EXERCISE OBJECTIVE: The reply is to be an exact repetition of the entries that follow, with each picture left out.

Saved data entries:
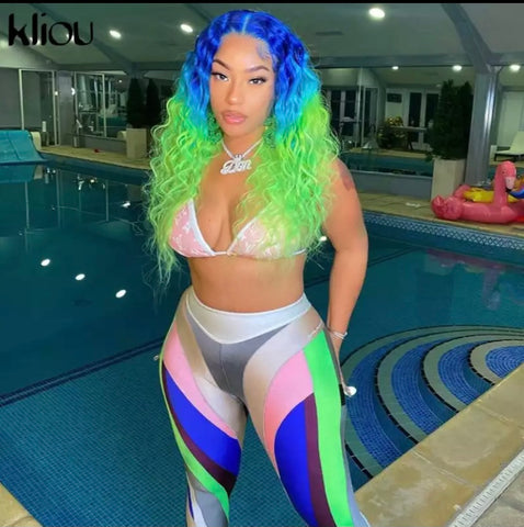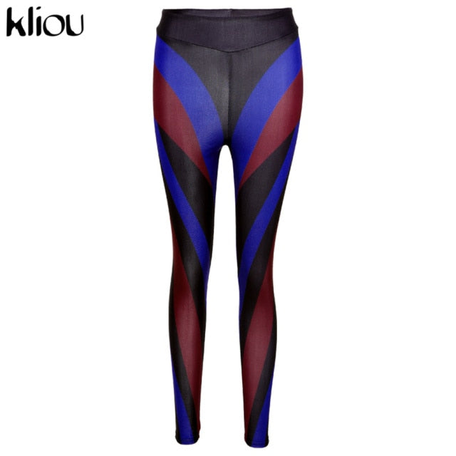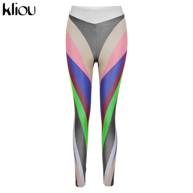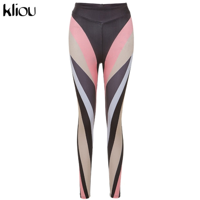 Color Blocking Women Leggings High Waist Stretchy Skinny Color pant
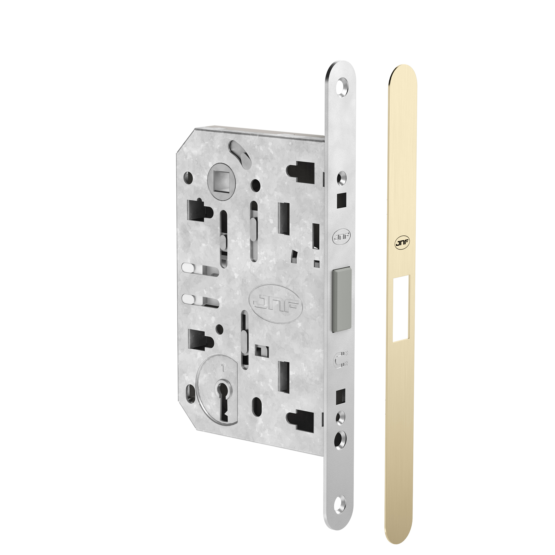 O mesmo entalhe na porta permite a aplicação de 3 modelos de fechaduras com funções diferentes. A maquinação da porta é simétrica, o que a torna reversível.
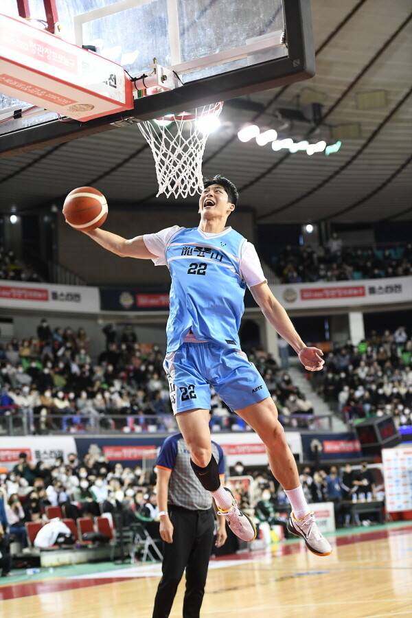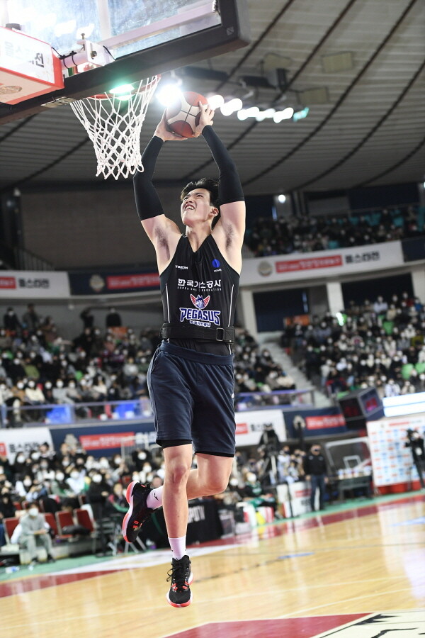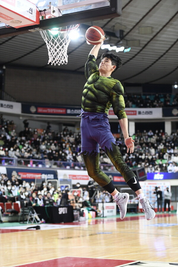 헐크 복장을 한 하윤기가 강력한 퍼포먼스를 선보이며 덩크 콘테스트 우승을 차지했다.
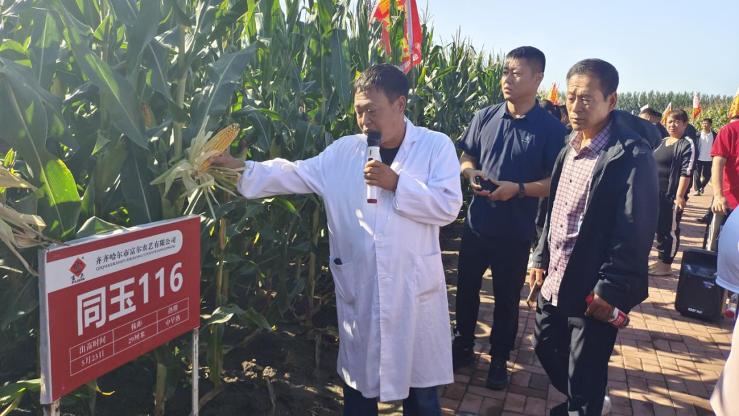 注:公司玉米研发总监王树全介绍“同玉116”玉米品种。
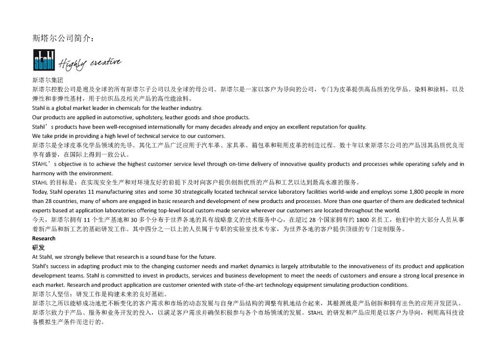 Stahl公司斯塔尔学院全球经理讲座通知
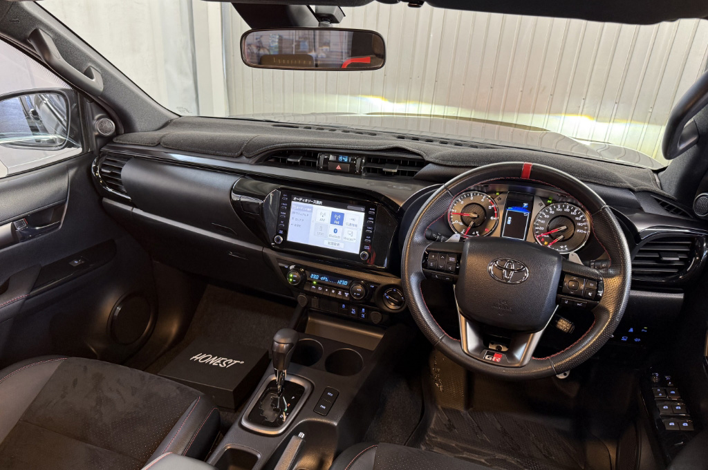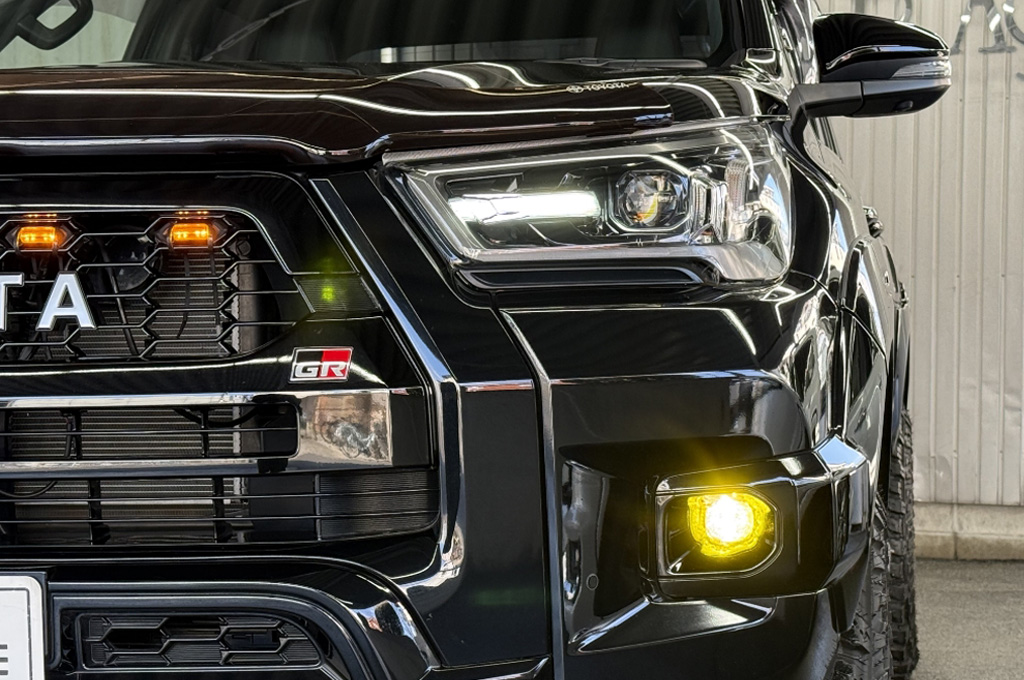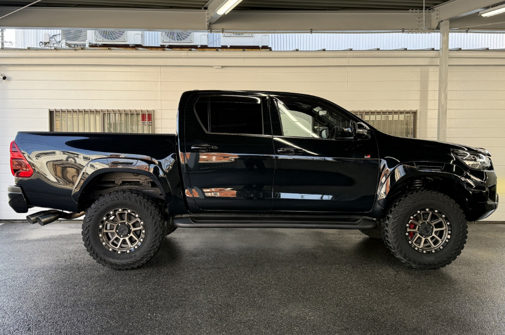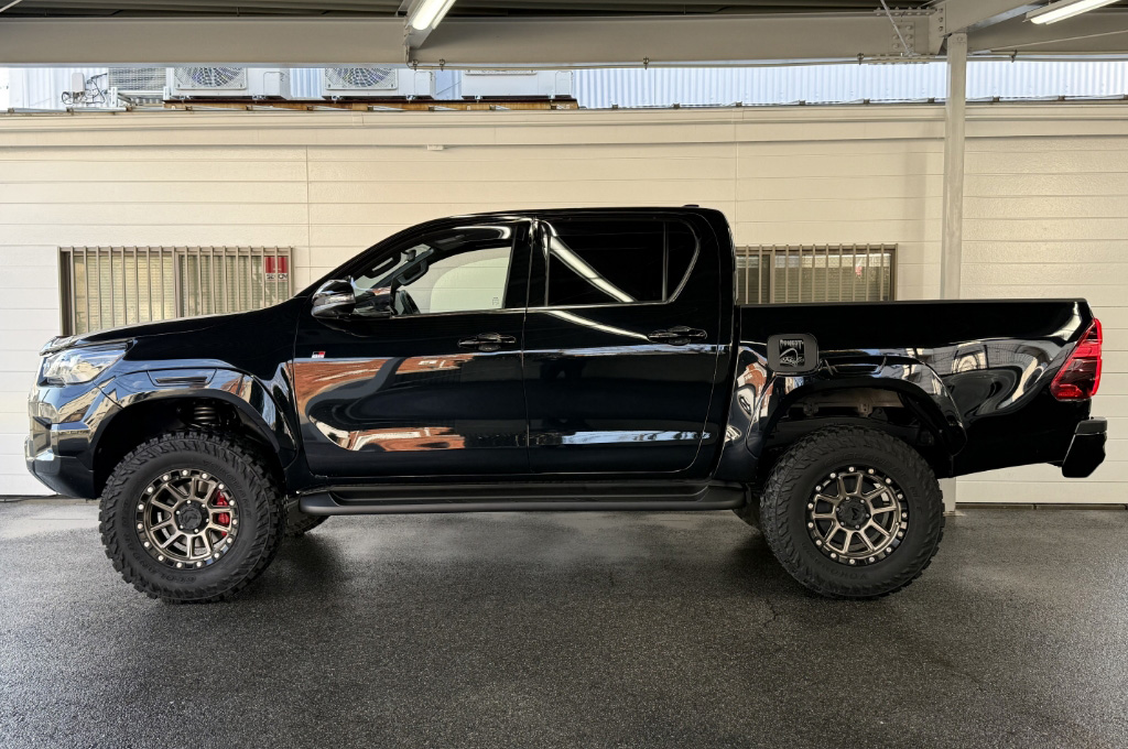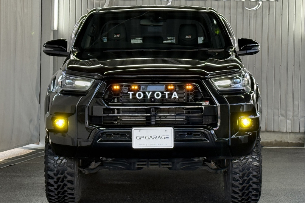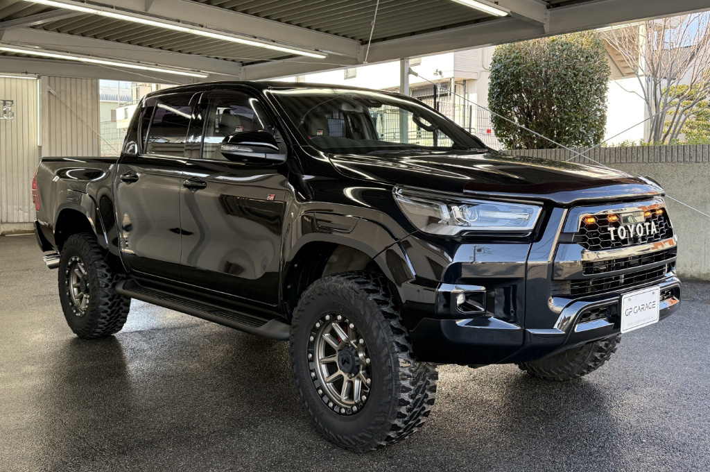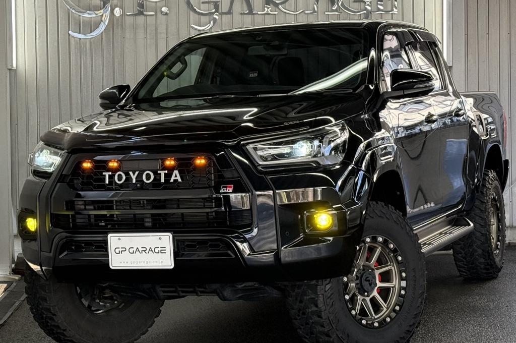 TOYOTAデカールとFUJITSUBO2本出しマフラーで後ろ姿もカッコイイ!ハイラックスZ GRスポーツのアティチュードブラックマイカが入庫しました♪

ANSWER:
 Color Blocking Women Leggings High Waist Stretchy Skinny Color pant
 O mesmo entalhe na porta permite a aplicação de 3 modelos de fechaduras com funções diferentes. A maquinação da porta é simétrica, o que a torna reversível.
 헐크 복장을 한 하윤기가 강력한 퍼포먼스를 선보이며 덩크 콘테스트 우승을 차지했다.
 注:公司玉米研发总监王树全介绍“同玉116”玉米品种。
 Stahl公司斯塔尔学院全球经理讲座通知
 TOYOTAデカールとFUJITSUBO2本出しマフラーで後ろ姿もカッコイイ!ハイラックスZ GRスポーツのアティチュードブラックマイカが入庫しました♪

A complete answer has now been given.